Carbon Biosciences emerges with a new viral vector to shake up the cystic fibrosis gene therapy field
Carbon Biosciences wants to disrupt the field of AAV gene therapy by tapping into a family of thousands of viruses to find ones that allow for the “next generation of viral delivery vehicles,” as CEO Joel Schneider puts it.
The Massachusetts biotech emerged Tuesday with $38 million in partnership with the Cystic Fibrosis Foundation to take a bocavirus-based — part of the broader parvovirus web — gene therapy into the clinic for the lung disorder.
Adeno-associated virus gene therapies have tripped up the biotech R&D world for years now, with various toxicity issues and other limiting factors, so Carbon wants to go after viruses that allow for gene therapies to be delivered more than once, which will open up the opportunity to target more patients.
The startup’s first therapy, named CGT-001, can be delivered more than once, specifically targets the lung tissue and is able to transport the full-length cystic fibrosis gene, Schneider tells Endpoints News.
The lead candidate is also able to carry 30% to 40% more than the typical AAV, which Schneider knows a thing or two about after eight years in the C-suite at AAV-based Solid Biosciences, which is attempting to tackle Duchenne muscular dystrophy.
He declined to say when Carbon will enter the clinic, but noted the Series A will get the startup there.
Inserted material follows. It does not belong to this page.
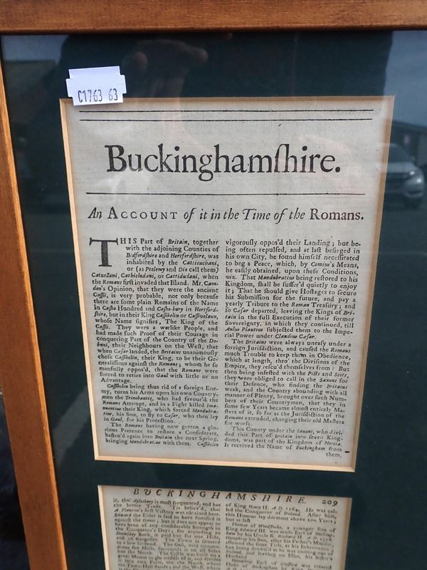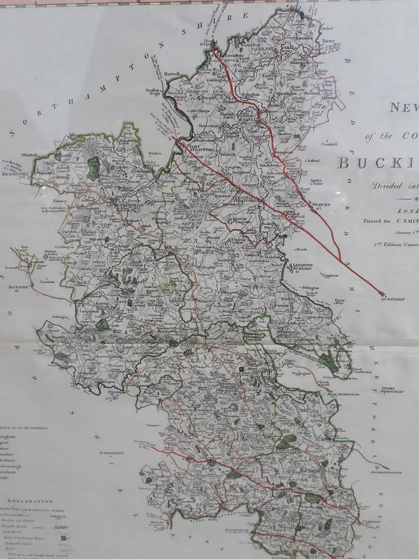 C Smith, Strand, 1808 revised edition, with framed history of Buckinghamshire

The first human trial will target CF patients who don’t have a modulator therapy, Schneider said.
Carbon is the first startup launched out of the 2020 incubator created between Longwood Fund and the Cystic Fibrosis Foundation.
Carbon is based on science from John Engelhardt, director of University of Iowa’s Center for Gene Therapy of Cystic Fibrosis, and Robert Kotin, professor of microbiology and physiological systems at University of Massachusetts Chan Medical School.

Lucy Liu, VP and co-founder at Carbon and a senior associate at Longwood, recalled calling Engelhardt at the end of 2020 after the Longwood-CFF program launched and at the end of this conversation, he mentioned he’d been working on a way to overcome AAV’s limitations of pre-existing immunity, small cargo capacity, limited tissue tropism, etc.
Then, serendipitously within a month, Kotin came to Longwood and CFF saying he’d been working on a similar idea in his lab. Kotin is now interim CSO of Carbon.
So in mid-2021, Carbon was formed and has been working out of CFF’s labs in Lexington, MA. The startup will open its own lab in Waltham, MA, by year’s end, Schneider said.
The story behind the startup’s name highlights the bold ambition Carbon is on.
“We’re really allowing evolution and virology to take the front seat here, and so carbon, which is the building block of all life, we’re really allowing that to drive our approach where we’re identifying already existing viruses and taking the best part of what they’ve evolved and what they’ve offered and turn that into a viral vector for us to use for therapeutic processes,” Liu said.
Aside from getting into that first human study, Carbon is building out its platform by identifying other parvoviruses to use to target other tissues, Schneider said. He’s also focused on nearly doubling the team from 13 people today to almost 25 by the end of 2022.
Down the line, the startup could go beyond gene therapies and into gene editing.
“Initially, Carbon Bio will pursue its own therapeutic development, but collaboration with another Foundation-funded company, e.g., for the delivery of a gene-editing therapy is absolutely part of future considerations,” CFF’s SVP of drug discovery, Martin Mense, told Endpoints in an email.
The Series A was led by Agent Capital and included backing from Longwood, Astellas Venture Management, Solasta Ventures, University of Tokyo Innovation Platform, Camford Capital and the CFF. Adicet Bio president and CEO Chen Schor is board chair.